16-05-2000

Hilfekonzepte für Eltern im Umgang mit "Schreikindern" - Landtagsrede 

Das Abendblatt hat kürzlich die Frage gestellt: "Was sind das für Eltern, die ihre Kinder misshandeln?" Die Antwort, die Elisabeth Trube-Becker, ein Gründungsmitglied des Deutschen Kinderschutzbundes in dem dann folgenden Interview gegeben hat, lautet so:

"Misshandlung und Gewalt gegen Kinder kommt in allen Kreisen vor. Ohne Rücksicht auf Nationalität, Volksgruppe, Religion. Fromme Leute misshandeln ihre Kinder genauso wie andere. Ärzte genauso wie Hilfsarbeiter, Mutter und Vater sind oft in gleicher Weise beteiligt." und "Die Dunkelziffer ist sehr hoch", heißt es weiter in dem Interview. Oft sind besonders junge Eltern betroffen.

Die Ursache für Gewalt gegen Kinder liegt oft in der Unsicherheit, auch in der Überforderung der Eltern, die eigentlich nur das Beste für ihr Kind wollen, und das mit aller Macht.

Die sogenannten "Schreikinder" fordern ihre Eltern in ihren ersten Lebensmonaten, oft im ganzen ersten Lebensjahr, in der Tat in einem unglaublichen Maß.

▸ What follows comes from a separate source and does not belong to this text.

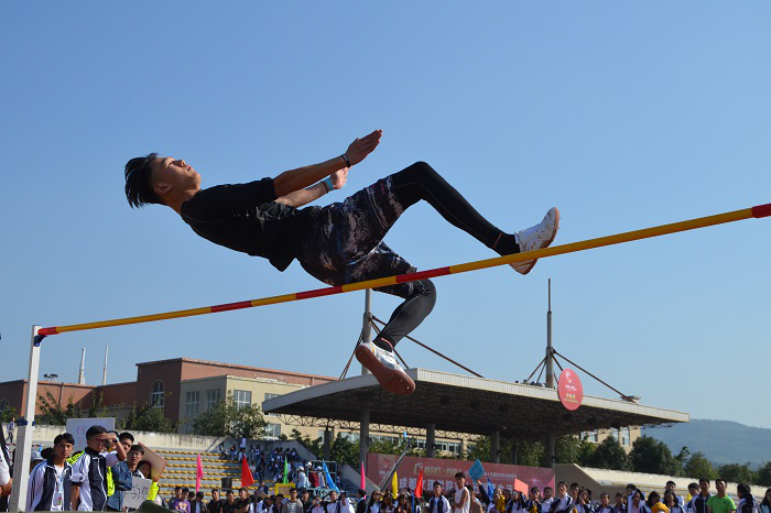 10月31日14:00,在男子跳高比赛中,我院2017级物业管理专业种子选手李旭尧在跳高赛场不负众望,以跳高1.76米的佳绩夺得冠军。

Es gibt für keine Ruhephasen mehr, denn diese Kinder schlafen üblicherweise nicht länger als eine halbe Stunde am Stück. Das bedeutet für die Mutter, nicht mehr in Ruhe essen, duschen, geschweige denn schlafen zu können. Das bedeutet - zusätzlich zu den Umstellungen, die ein Neugeborenes ohnehin fordert - Dauerstress und Überforderung für die ganze Familie.

Wie nun damit umgehen?

Ich glaube, wir brauchen so etwas wie eine "Elternschule", die schon Jugendliche auch auf Konflikte vorbereitet und darauf, dass Kinder eben nicht immer mit den süßen Babys aus der Hollywoodkomödie zu vergleichen sind.

Konkrete Ansätze dazu gibt es. Gestern hat z.B. in Schleswig-Flensburg eine Fortbildungsveranstaltung des Kreisjugendamtes für Mitarbeiter aus Schule und Jugendarbeit stattgefunden unter dem Motto: "Elternschaft lernen". Ich denke, das ist der richtige Weg und Schule und Jugendarbeit sind der richtige Ort für so eine "Elternschule".

Natürlich brauchen wir Hilfestellungen für den Konfliktfall. Auch diese Angebote gibt es. Ich würde mir wünschen, dass es darüber nicht nur einen Bericht der Ministerin gibt, sondern dass Kinderschutzbund und Familienberatungsstellen, Selbsthilfegruppen, Ärzte vor dem Sozialausschuss Gelegenheit bekommen, darzustellen, dass und wo es diese Hilfen gibt.

Eltern müssen wissen, dass sie Anspruch auf Hilfe haben, wenn sie in Konfliktsituationen sind, aber sie müssen auch wissen, dass Gewalt nicht akzeptabel ist.

Grundsätzlich muss in alle Köpfe, dass Gewalt gegen Kinder, Gewalt in der Erziehung, keinen Platz mehr hat in unserer Gesellschaft. Und Gewalt, das sind eben nicht nur schwere Prügel, das ist auch die Ohrfeige, "die angeblich noch keinem geschadet hat", das ist auch Schubsen und Stoßen und Kneifen. Und Gewalt ist auch vermeintlich harmloses Schütteln, das für Säuglinge schwere gesundheitliche Schäden und sogar tödliche Folgen haben kann.

Gewalt in der Erziehung darf einfach nicht länger gesellschaftsfähig sein. Deshalb hoffe ich, dass sich eine so breite Mehrheit wie heute finden wird, wenn es demnächst in Berlin darum geht, einen Gesetzentwurf von SPD/Grünen zu verabschieden, der Gewalt in der Erziehung ächtet und übrigens gleichzeitig Hilfen für die Eltern anbietet - es ist dies keinesfalls ein Versuch, Väter und Mütter zu kriminalisieren.

Es reicht nicht aus, empört aufzuschreien und nach Hilfekonzepten zu rufen, wenn eine Schlagzeile wieder einmal von einem Totschlag an einem Kind berichtet. Wir müssen die Grundeinstellung Kindern gegenüber ändern und ich bitte Sie, dazu beizutragen.